All things considered, I had a great year. The family stayed healthy, my oldest started college, I made some new friends, and work was meaningful. Everything wasn’t easy or perfect—it never is, or should be—but I’m hopefully better than I was twelve months ago.
For a while I’ve been doing these annual recaps, as much as for me as for you. I find it useful to pause and reflect, and I like going back through all the books I finished to pull out key insights worth remembering. Let’s take a quick look at some items I created, and then a roundup of the best from the 53 books I started and finished.
Things I Wrote (or Said)
I kept up my daily reading list and published hundreds of entries. If you scanned some of them, I hope you learned as much as I did!
In terms of what I created last year, I’m thrilled that Google keeps letting me co-host our Google Cloud Next developer keynote. Helping write and prepare it is a professional privilege and joy. It’s also a bonkers amount of work!
I delivered a few recorded talks in 2025—this on platform engineering, that on career management, another on AI app development, plus one on our AI strategy, and a look at using AI in your daily workflow. Between public talks and customer talks, I somehow found myself standing on stages in Seoul, Istanbul, Paris, Las Vegas, Stockholm, Hyderabad, Bangalore, New York, Sunnyvale, Austin, Vancouver, and Philadelphia.
What written posts stood out to me? I kept up a decent blogging rate and these were my favorites:
- Here’s which Google AI developer tool to use for each situation. This is up on the Google blog, and I’m glad I had a chance to think through a decision framework.
- What does a modern, AI-assisted developer workflow built around Google Gemini look like? Let’s explore. I need to write a new version of this. We’re sitting through the biggest changes in decades.
- The Gemini CLI might change how I work. Here are four prompts that prove it. This post took off a bit, and I like helping people imagine use cases for new technologies.
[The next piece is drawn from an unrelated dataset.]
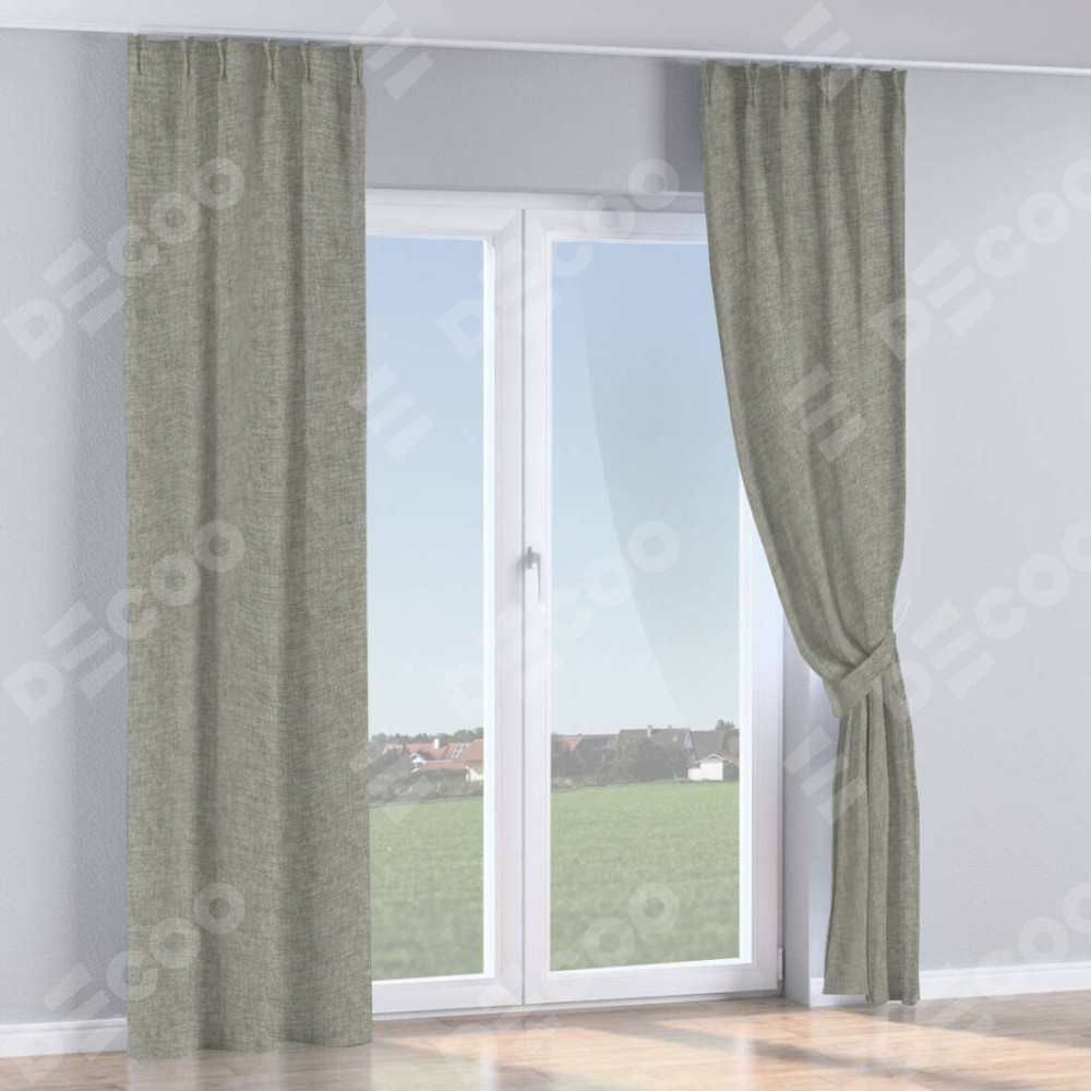 Комплект прямых штор, от производителя «Cortin», пошиты из ткани рогожка димаут серый дуб, артикул ткани 91028. С изнаночной стороны в верхней части штор пристрачивается шторная лента с декоративными складками «Кустик». Для создания элегантных складок прямые шторы шьются по стандарту с коэффициентом 1:2 (на 100 см. ширины проёма 200 см. ширины ткани).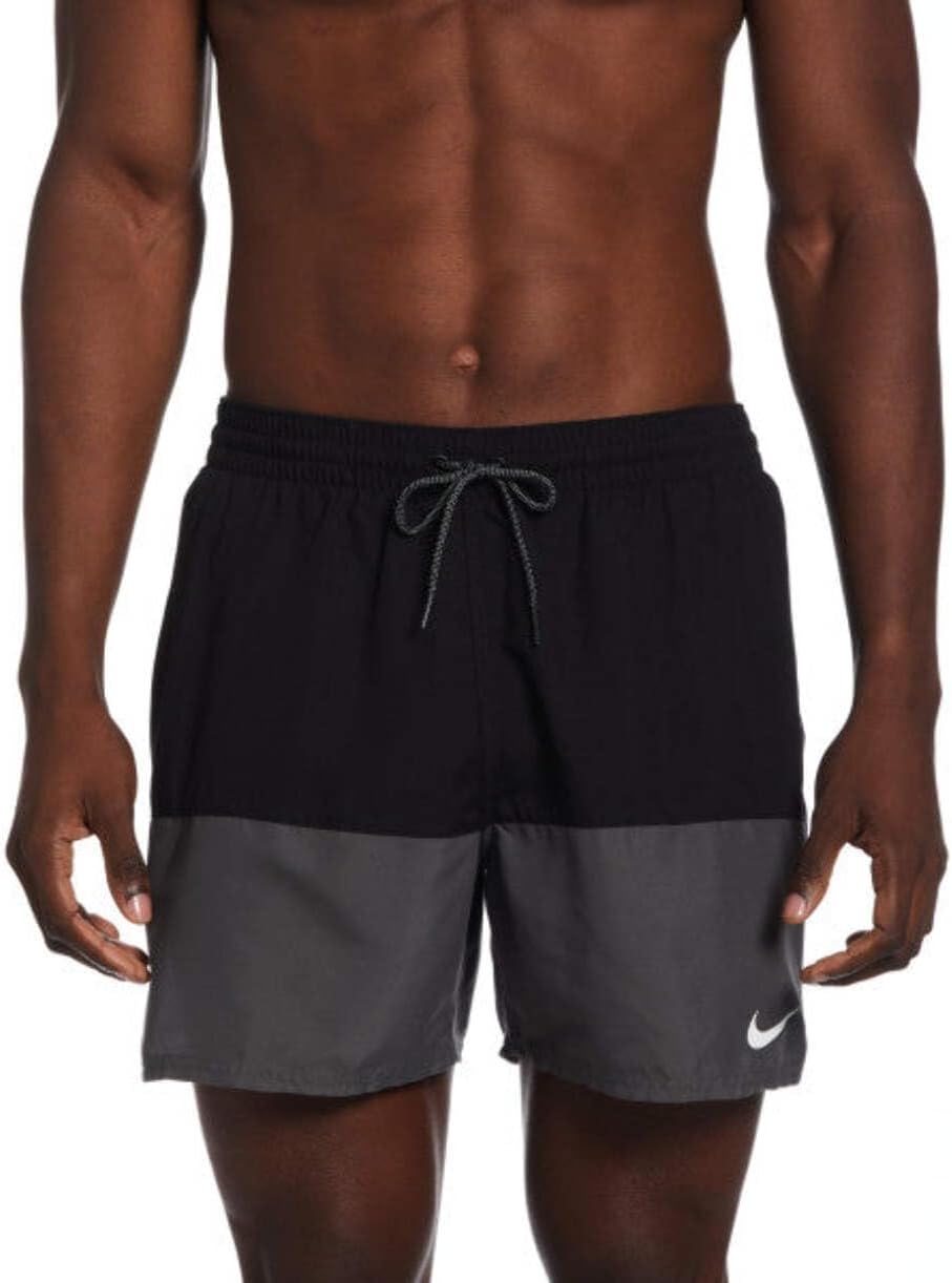 Плавки-шорты Nike Swim Split с цветными блоками, длиной 5 дюймов, с вентиляционными отверстиями для ног, обеспечивающими улучшенную вентиляцию и дополнительную свободу движений, внутренним сетчатым карманом для дополнительного надежного хранения, эластичным поясом с внешним шнурком, карманами с сетчатой ​​подкладкой и термотрансферной эмблемой.

- Did we just make platform engineering much easier by shipping a cloud IDP? Will you succeed in AI without a good platform strategy? For most, no. Google’s finally productizing what you need to get better at platforms.
- Quality-focused prompts for the vibe coding addict. Dismiss the ideas of vibe coding or AI-driven development at your own peril. While you’re hand-wringing or dismissing the work, those doing it are lapping you with shippable products. Let’s help them build more responsible and maintainable systems.
- Code was the least interesting part of my multi-agent app, and here’s what that means to me. The cost of producing code is now zero. What will you do in response?
- How to build and deploy a portable AI agent that uses a managed memory service. I was doing some uncharted work here, and it helped being able to go to the people who built the underlying tech for help.
- Go from prompt to production using a set of AI tools, or just one (Google Antigravity). I’d imagine that 2026 will be less about model breakthroughs, and more about how agents and agentic tooling take advantage.
- Stop following tutorials and learn by building (with Antigravity) instead. If “learning how to learn” is the key still for this generation, here’s one way you should start learning differently.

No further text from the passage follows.